Liquid crystal display element and manufacturing method thereof

BACKGROUND OF THE INVENTION 1. Field of the Invention The present invention relates to a liquid crystal display device and a method of manufacturing the same, and more particularly, to a liquid crystal display device and a manufacturing method thereof, in which a spacer structure and a manufacturing method are uniformly maintained.

The liquid crystal display device is not a self-emitting device such as a cathode ray tube, a light emitting diode, and a light emitting display tube, and is a light receiving device that is visible from the outside, such as printed matter.

Such a liquid crystal display device is extremely small in power consumption compared to other display devices, and can be manufactured in various sizes from a very small size to a large size. In addition to being capable of diversifying display types, it can operate at a low voltage and is extremely easy to interface with a highly integrated circuit It has the characteristic that it does.

2. Description of the Related Art [0002] Liquid crystal display elements, which are widely used as low power consumption type display devices for characters and figures, have recently become larger and larger so that a large amount of information can be displayed on a single screen.

As the liquid crystal display device becomes large and large in this way, it becomes a very important position in the display device field, and on the other hand, it has a precise internal structure so that strict control during the manufacturing process is required.

1 and 2 show one example of a conventional liquid crystal display device and another example thereof.

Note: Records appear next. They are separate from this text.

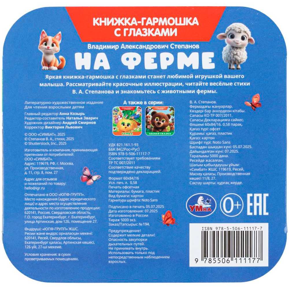 Книга Умка 9785506111177 На ферме. Степанов В. А. Книжка-гармошка с глазками
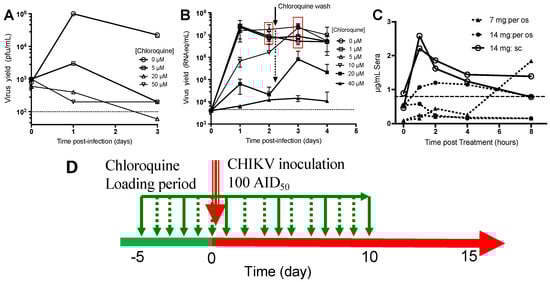 To confirm that plasma concentrations can reach the inhibitory concentration range shown in the in vitro studies (Figure 1A,B), three groups of two NHPs were given chloroquine either orally (7 and 14 mg/kg) or subcutaneously (14 mg/kg) for five consecutive days. On day 5 post-treatment evaluation of chloroquine uptake kinetics was done with Cmin that was obtained just before the 6th treatment (time 0 on Figure 1C). As shown, the route of treatment influenced plasma concentration kinetics (Figure 1C). Orally treated NHPs had a chloroquine plasma concentration below the expected inhibitory concentrations and large variation of curve evolution, whereas subcutaneous administration gave similar drug plasma concentrations in the two macaques, with a mean Cmax of 5.16 µM at 1 h post-treatment, a Cmin of 1.8 µM (after five days of treatment, dotted line, Figure 1C). These concentrations are very similar to those reported for malaria patients [] and to the IC50 obtained for CHIKV-infected Vero E6 cells [,]. No hepatic toxicity was observed, with plasma levels of AST and ALT remaining in the normal range of 28–58 IU and 17–40 IU/mL, respectively. As such, chloroquine was subsequently delivered subcutaneously to the macaques for downstream studies.
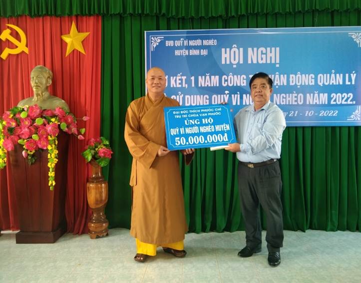 Tại hội nghị, các đại biểu đã đóng góp ý kiến vào các dự thảo báo cáo kết quả thực hiện và dự thảo Kế hoạch tổ chức vận động quỹ Vì người nghèo năm 2023 do Ủy ban Mặt trận Tổ quốc Việt Nam phát động. Cũng nhân dịp này Đại đức thích Phước Chí, Ủy viên Trung ương Giáo hội Phật giáo Việt Nam, Phó ban Trị sự Giáo hội Phật giáo Việt Nam, Trụ trì chùa Vạn Phước đã ủng hộ 50.000.000đ cho Quỹ “Vì người nghèo” của huyện. Đồng chí Trần Văn Phục, Ủy viên BTV Huyện ủy, Trưởng ban Dân vận, Chủ tịch Ủy ban MTTQ Việt Nam huyện đã trao thư cảm ơn cho Đại đức thích Phước Chí./.
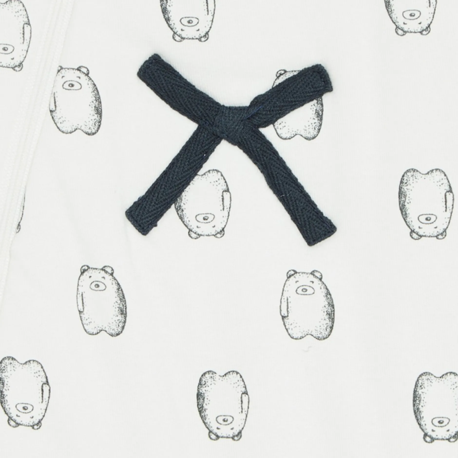 Gigoteuse MARESE en côte 1*1 en coton bio écru avec imprimés petits oursons et doublée de jersey écru . Ouverture par zip sur le côté et sur le bas pour faciliter le passage du bébé. Très joli nœud en tresse chevrons en gris anthracite sur le devant. Gigoteuse évolutive par système de pressions au dos et du coup qui s’adapte du 6 mois au 18 mois. Garnie de ouate pour le confort et la chaleur.

Referring to FIG. 1, a conventional liquid crystal display device 10 includes a front plate 12 and a rear plate 12 'which are opposed to each other and form a closed space therein, and a front plate 12 and a rear plate The liquid crystal molecules are oriented in a predetermined direction on the upper surfaces of the front plate 12 and the rear plate 12 'on which the electrode layers are formed and the electrode layers 13 and 13' A polarizing plate 11 and 11 'adhered to the outside of the front plate 12 and the back plate 12' and a polarizing plate 11 and 11 'attached to the front plate 12 and the back plate 12' A liquid crystal 16 injected into a closed space between the front plate 12 and the back plate 12 'and a spacer 15 provided to maintain a constant distance between the front plate 12 and the back plate 12'. The spacers 15 are spherical spacers distributed randomly on the substrate to maintain the spacing of the closed spaces.

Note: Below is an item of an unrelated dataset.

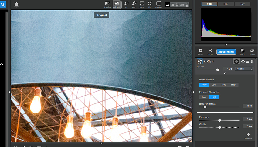 If I retain LR’s NR edits it looks pretty good. Is there something I’m missing or doing incorrectly? AI Clear format is TIFF in LR.
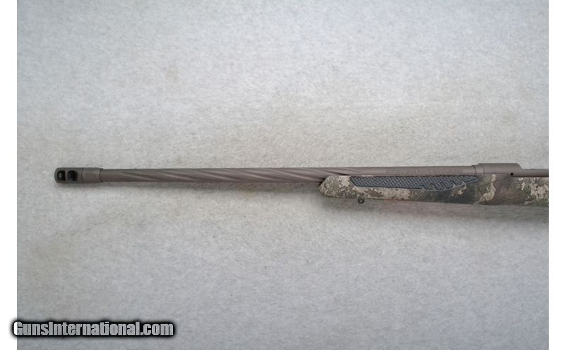Description: This Savage Model 110 is a right hand bolt action rifle in .300 Win. Mag. Cal. It has a 24 inch spiral fluted barrel plus a muzzle device. It is drilled and tapped for a scope mount. No iron sights. It has the user adjustable Savage AccuTrigger. The Accufit butt stock is LOP and comb height adjustable and with a black rubber grip inset the polymer pistol grip. The Accustock is a 3D bedding system for rigidity. It has a spiral fluted bolt and checkered bolt handle. .300 Winchester Magnum SOLD Chambers: Detachable magazine. Metal Condition: Excellent. Bore Condition: Excellent. Barrels: 24 inch spiral fluted plus a muzzle device. Triggers: Savage AccuTrigger. Stock Dimensions: LOP 13 1/2 inches. Fore End: Checkered grip black rubber inset a camo polymer. Butt Pad: Black rubber recoil pad. Weight: 8 lb. 4 oz. Sights: Drilled and tapped for a scope. No iron sights. Item Location: Richfield, WI |

Since the front plate 12 and the back plate 12 'of the conventional plastic liquid crystal display device 10 having the above-described structure are made of flexible plastic, the spacers 15 are formed between the front plate and the back plate There is a possibility to move to one side. Therefore, there is a problem that the gap between the front plate 12 and the back plate 12 'can not be uniformly maintained over the entire area of the substrate. Also, the density of the spacers must be increased in order to allow the device to withstand mechanical impact from the outside. The spacers distributed at a high density and at random are likely to serve as defects in the pixel portion, . Also, when the liquid crystal is injected into the liquid crystal in the liquid crystal injection process, the substrate is strongly pressed by the pressure difference between the inside and the outside of the substrate, and the plastic substrate is easily deformed by the pressing force to damage the alignment film and the conductive film .

FIG. 2 shows another example of a conventional liquid crystal display device for solving such a problem. Referring to FIG. 2, the liquid crystal display element 20 has the same configuration except for the liquid crystal display element 10 and the spacer shown in FIG. That is, the liquid crystal display element 20 includes a front plate 22 and a rear plate 22 'which are opposed to each other and form a closed space therein, and a front plate 22' and a rear plate 22 ' Electrode layers 23 and 23 'respectively formed on the opposite surfaces in accordance with a predetermined pattern, and front and back surfaces 22 and 22' formed with electrode layers and formed on the upper surface of the rear plate 22 ' Polarizers 21 and 21 'attached to the outside of the front plate 22 and the back plate 22' and a polarizer 21 and 21 'attached between the front plate 22 and the back plate 22' A liquid crystal 26 injected into the closed space of the front plate 22 and a spacer 25 installed to maintain a constant distance between the front plate 22 and the back plate 22 '. The spacer 25 is composed of a plastic rod provided at a portion where the pixel is not formed, that is, a portion where the electrode layers 23 and 23 'are not formed. In order to form such a spacer, a fine rod-shaped spacer may be formed and attached to the substrate, or a substrate may be selectively etched to leave a spacer at a portion other than a pixel, or a photosensitive resin may be applied on a substrate, Lithography is used to leave the spacer and remove the other parts.

However, forming a liquid crystal display element having such a spacer has a problem in that it is difficult to form a liquid crystal display element, and a defective ratio is high during the production of a substrate, thereby increasing the cost of forming a spacer.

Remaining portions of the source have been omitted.